Cependant, avec le temps, ces métiers ont évolué et les conditions de travail se sont améliorées. Les stéréotypes attachés à certains métiers doivent donc évoluer afin de développer la mixité au sein de la Société.

Objectif Actions Indicateurs
2023 2024 2025 2026
Favoriser la prise de conscience par les personnes chargées de recrutement, des stéréotypes femmes/hommes.

Veiller au choix des intitulés et des contenus des offres d’emploi : vigilance sur la terminologie et les stéréotypes (formuler les offres d’emploi de manière asexuée)

100% des offres sont mixtes

Structurer les procédures de recrutement notamment en formant les personnes qui interviennent dans les processus de recrutement à la mixité (fonction RH, Responsables d’affaire, Responsables des contrat)

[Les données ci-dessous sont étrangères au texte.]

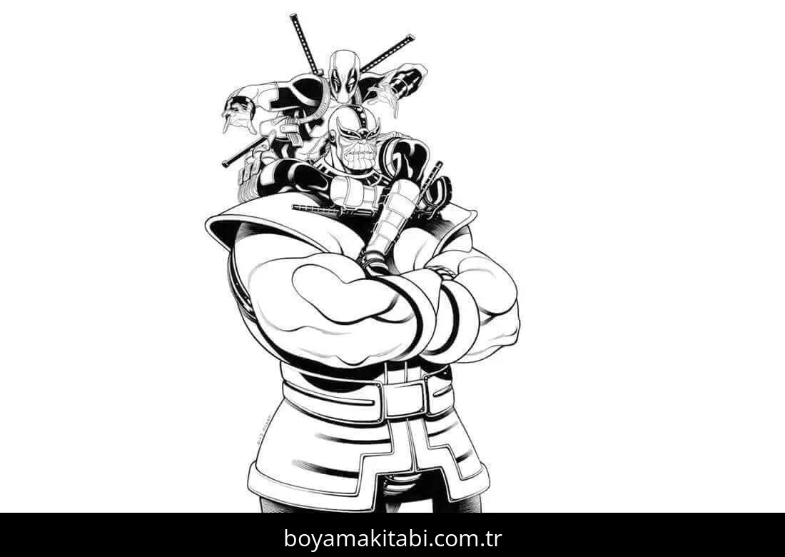 Deadpool temalı bu boyama sayfası çocuklar için çizgi film temalı ve basit çizim bir etkinlik sunar. Ücretsiz olarak indirip yazdırabilir, evde keyifli bir boyama zamanı oluşturabilirsiniz.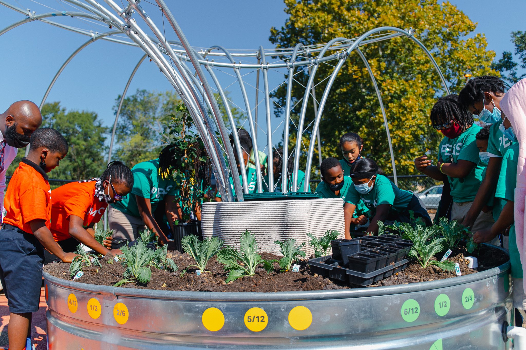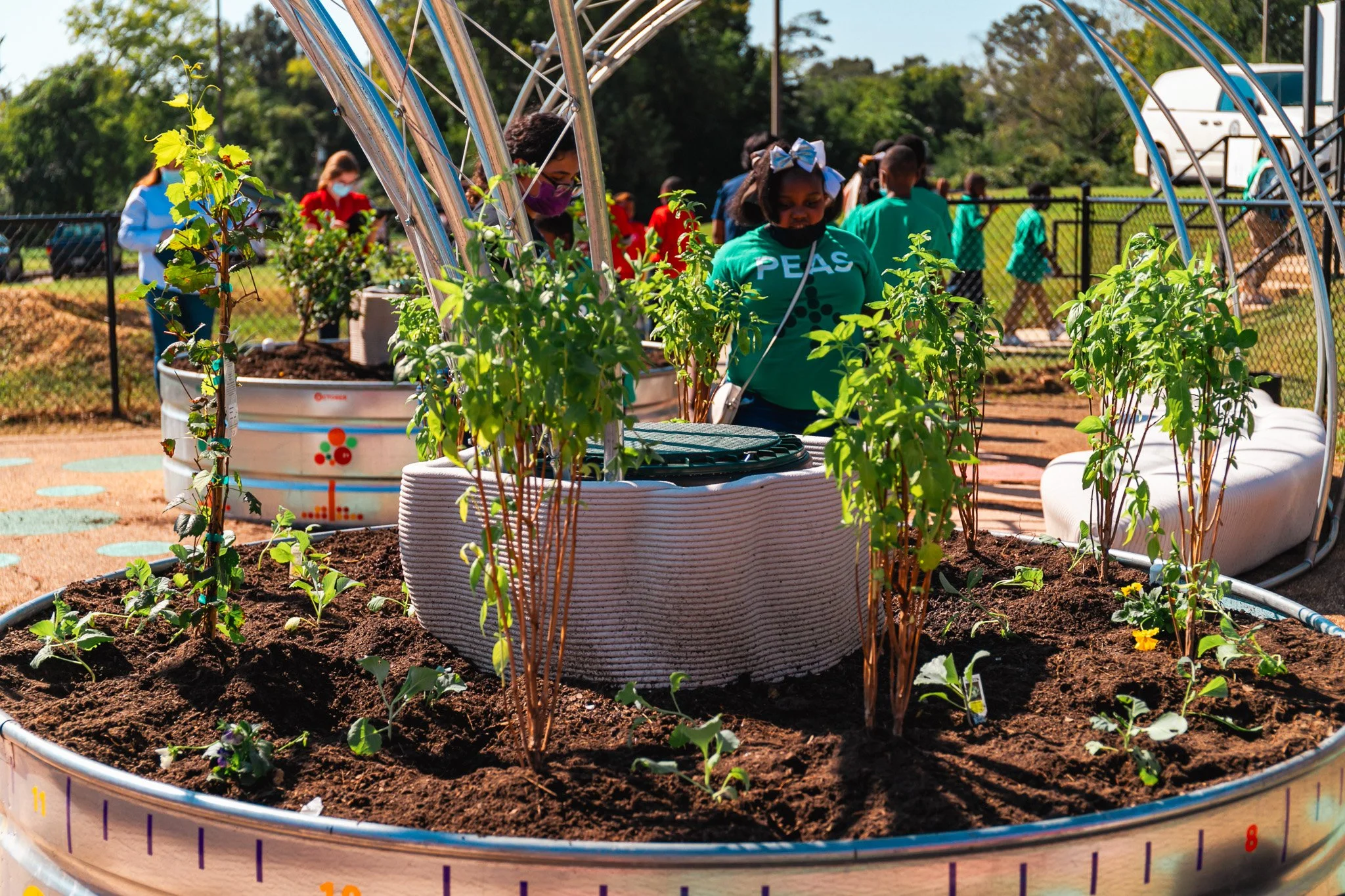 The LivingRoom learning garden at Galloway Elementary School was created as an outdoor classroom focused on health, food, and nutrition education. Developed as part of the Fertile Ground Project, the garden provides students with hands-on opportunities to learn where food comes from and how it is grown, a meaningful experience in communities impacted by food insecurity.

100% des personnes qui interviennent dans les processus de recrutement suivront le e-learning diversité et égalité des chances
Suivre le taux de féminisation de nos équipes et veiller à sa progression. Les parties veilleront à ce que la part des femmes dans l’effectif de la Société augment et à minima soit maintenu (rappel à fin février 2023 : 18% de femmes).

Cibler des collèges pour aller faire des interventions en classe de la 3ème afin de communiquer sur les métiers techniques

Cible : Nancy, Metz, Strasbourg, Mulhouse

Intervention en classe de 3ème.

Accueil de deux élèves pour accomplir 1 semaine d’observation.

Nombre de collège partenaire : 2 par an

Nbre de journée d’observation proposée/réalisée par an

Formation :

La Société garantit le principe général d’égalité d’accès de tous les salariés à la formation professionnelle.

La formation participe à l’objectif d’égalité de traitement dans le déroulement de carrière. La Société considère dès lors que la formation constitue une passerelle de progression permettant aux salariés femmes et hommes d’évoluer et d’accéder éventuellement à des postes sur des niveaux les plus élevés des grilles de classification.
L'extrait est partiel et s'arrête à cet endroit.